• **ABOUT THIS EXERCISE**
Nothing but the pictures is dropped; write out all the remaining data below exactly.

• **SUPPLIED DATA**
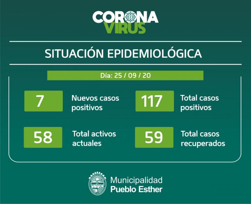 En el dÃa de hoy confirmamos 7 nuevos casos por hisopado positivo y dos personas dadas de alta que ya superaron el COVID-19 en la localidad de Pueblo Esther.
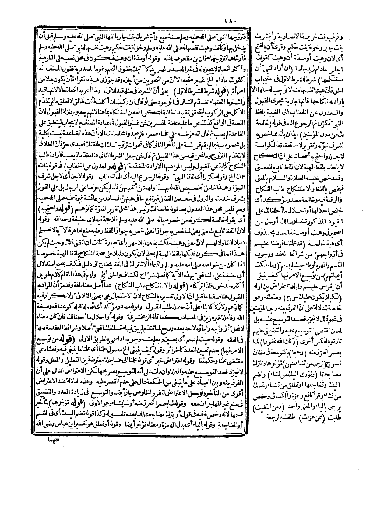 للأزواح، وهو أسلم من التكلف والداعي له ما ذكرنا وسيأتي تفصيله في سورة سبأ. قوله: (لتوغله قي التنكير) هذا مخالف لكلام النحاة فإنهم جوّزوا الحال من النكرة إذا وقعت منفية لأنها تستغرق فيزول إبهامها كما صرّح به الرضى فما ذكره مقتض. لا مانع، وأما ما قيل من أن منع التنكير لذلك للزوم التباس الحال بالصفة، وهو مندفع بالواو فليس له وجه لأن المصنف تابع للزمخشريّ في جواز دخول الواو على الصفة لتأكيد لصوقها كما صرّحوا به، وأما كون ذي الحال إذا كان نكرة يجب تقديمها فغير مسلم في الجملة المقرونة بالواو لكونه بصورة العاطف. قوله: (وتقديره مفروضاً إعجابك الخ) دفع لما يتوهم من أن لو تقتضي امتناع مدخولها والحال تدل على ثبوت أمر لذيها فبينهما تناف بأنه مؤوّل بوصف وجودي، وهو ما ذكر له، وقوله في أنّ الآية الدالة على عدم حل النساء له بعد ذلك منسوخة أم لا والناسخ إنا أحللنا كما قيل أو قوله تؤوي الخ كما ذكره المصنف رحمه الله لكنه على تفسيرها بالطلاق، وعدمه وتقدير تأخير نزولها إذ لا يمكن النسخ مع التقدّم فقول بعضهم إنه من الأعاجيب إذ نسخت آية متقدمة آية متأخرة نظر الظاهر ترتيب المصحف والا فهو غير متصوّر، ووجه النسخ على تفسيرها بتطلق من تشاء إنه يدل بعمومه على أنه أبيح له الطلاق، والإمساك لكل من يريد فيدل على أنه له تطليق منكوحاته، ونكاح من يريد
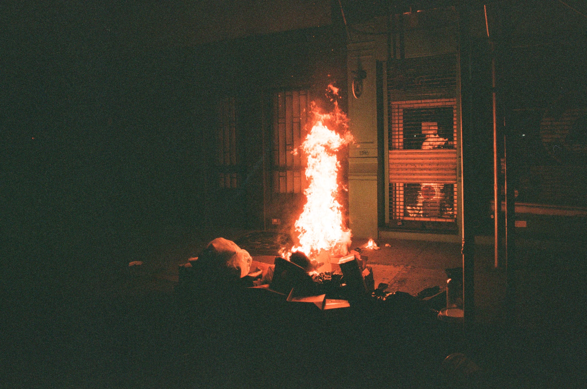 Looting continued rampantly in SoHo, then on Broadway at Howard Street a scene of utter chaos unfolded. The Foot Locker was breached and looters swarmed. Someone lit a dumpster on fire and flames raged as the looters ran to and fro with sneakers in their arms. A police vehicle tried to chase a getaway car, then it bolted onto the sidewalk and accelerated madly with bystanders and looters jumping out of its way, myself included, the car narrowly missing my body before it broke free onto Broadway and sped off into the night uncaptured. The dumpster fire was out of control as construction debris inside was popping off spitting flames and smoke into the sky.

• **REPLY TO THE TASK**
 En el dÃa de hoy confirmamos 7 nuevos casos por hisopado positivo y dos personas dadas de alta que ya superaron el COVID-19 en la localidad de Pueblo Esther.
 للأزواح، وهو أسلم من التكلف والداعي له ما ذكرنا وسيأتي تفصيله في سورة سبأ. قوله: (لتوغله قي التنكير) هذا مخالف لكلام النحاة فإنهم جوّزوا الحال من النكرة إذا وقعت منفية لأنها تستغرق فيزول إبهامها كما صرّح به الرضى فما ذكره مقتض. لا مانع، وأما ما قيل من أن منع التنكير لذلك للزوم التباس الحال بالصفة، وهو مندفع بالواو فليس له وجه لأن المصنف تابع للزمخشريّ في جواز دخول الواو على الصفة لتأكيد لصوقها كما صرّحوا به، وأما كون ذي الحال إذا كان نكرة يجب تقديمها فغير مسلم في الجملة المقرونة بالواو لكونه بصورة العاطف. قوله: (وتقديره مفروضاً إعجابك الخ) دفع لما يتوهم من أن لو تقتضي امتناع مدخولها والحال تدل على ثبوت أمر لذيها فبينهما تناف بأنه مؤوّل بوصف وجودي، وهو ما ذكر له، وقوله في أنّ الآية الدالة على عدم حل النساء له بعد ذلك منسوخة أم لا والناسخ إنا أحللنا كما قيل أو قوله تؤوي الخ كما ذكره المصنف رحمه الله لكنه على تفسيرها بالطلاق، وعدمه وتقدير تأخير نزولها إذ لا يمكن النسخ مع التقدّم فقول بعضهم إنه من الأعاجيب إذ نسخت آية متقدمة آية متأخرة نظر الظاهر ترتيب المصحف والا فهو غير متصوّر، ووجه النسخ على تفسيرها بتطلق من تشاء إنه يدل بعمومه على أنه أبيح له الطلاق، والإمساك لكل من يريد فيدل على أنه له تطليق منكوحاته، ونكاح من يريد
 Looting continued rampantly in SoHo, then on Broadway at Howard Street a scene of utter chaos unfolded. The Foot Locker was breached and looters swarmed. Someone lit a dumpster on fire and flames raged as the looters ran to and fro with sneakers in their arms. A police vehicle tried to chase a getaway car, then it bolted onto the sidewalk and accelerated madly with bystanders and looters jumping out of its way, myself included, the car narrowly missing my body before it broke free onto Broadway and sped off into the night uncaptured. The dumpster fire was out of control as construction debris inside was popping off spitting flames and smoke into the sky.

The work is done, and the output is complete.